# BIRD REPORT NEEDED !



## R E McCraith (Nov 24, 2011)

PIKE is planning a hunt in Nd Sd Ks Neb - if you have been on pheasants please let us know where you have been hunting - our usual places are birdless - thanks 4 the help !


----------



## harrigab (Aug 21, 2011)

Reagill, Cumbria, UK,,,,,84 pheasants and a duck yesterday :


----------



## texasred (Jan 29, 2012)

The reports I'm hearing are bad.
Mullinville Kansas (East of Dodge City). They cut 600 acres of milo and saw 0 birds on a farm and ranch about 6800 acres.
Farmers in South Central and North West Ks and all recommend not to come. Its check back next year.


----------



## R E McCraith (Nov 24, 2011)

Thanks TEX - your report is what we have been hearing - looks like grouse & woodcocks in the Up again this year !


----------



## Ozkar (Jul 4, 2011)

REM...can't give you a Bird report for your area..........

Can give you one for down here.........

Took the pups out for a hunt.......landed a tattoo breasted grass pheasant. Took all night to eat it! I thank the pups.........  

Have fun............... post up the results for me to live through you vicariously REM.......


----------



## R E McCraith (Nov 24, 2011)

Oz ? - was that a biker chick or real BIRD - LOL


----------



## Ozkar (Jul 4, 2011)

A genuine Aussie bird REM................  Like the way you think though!!


----------



## texasred (Jan 29, 2012)

A report from the northern Kansas opener. "It sucked we came home early.

Know some people that are going to give it a go later this week. I'll let you know if the have any better luck.


----------



## R E McCraith (Nov 24, 2011)

Tex - thank you for the report - back 2 quail wood cocks ducks & grouse - life in a hard land - no one said it would V easy - LOL


----------



## texasred (Jan 29, 2012)

A guy that runs DD's just got back from Kansas.
Looks like all is not lost. Here's his report. 

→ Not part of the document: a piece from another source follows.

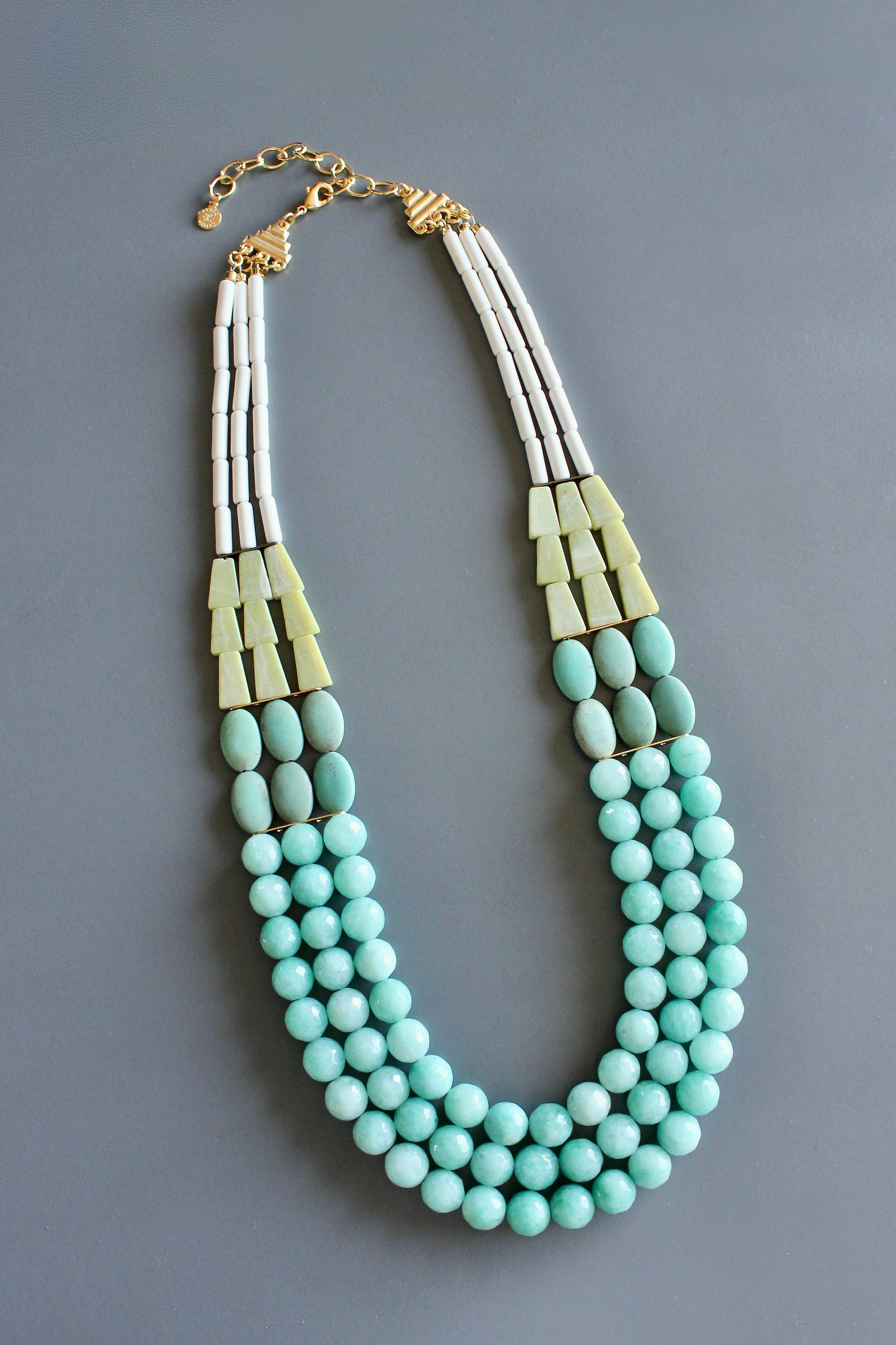Multi-strand necklace with amazonite beads, oval turquoise, yellow jade trapezoids, and white magnesite tubes. Measures 22 inches long. 3 inch extender.

The reports of bad land and no birds are for local areas. All the public land we saw looked normal. All the private land in certain areas looked like dirt. We covered 3000 square miles the first two days to find the birds. We found a 16 bird field that turned into a 60 bird field the next day. We also found a 70 bird field about 15 miles away. The key is to get away from the areas that the land owners destroyed all the surrounding land. We moved hotels during the trip and moved 2 hours in a different direction twice during the hunt. When we got to our final location, we found birds in every field and all the hunting land and surrounding land looked normal. We ran into hunters that were also getting into birds.


----------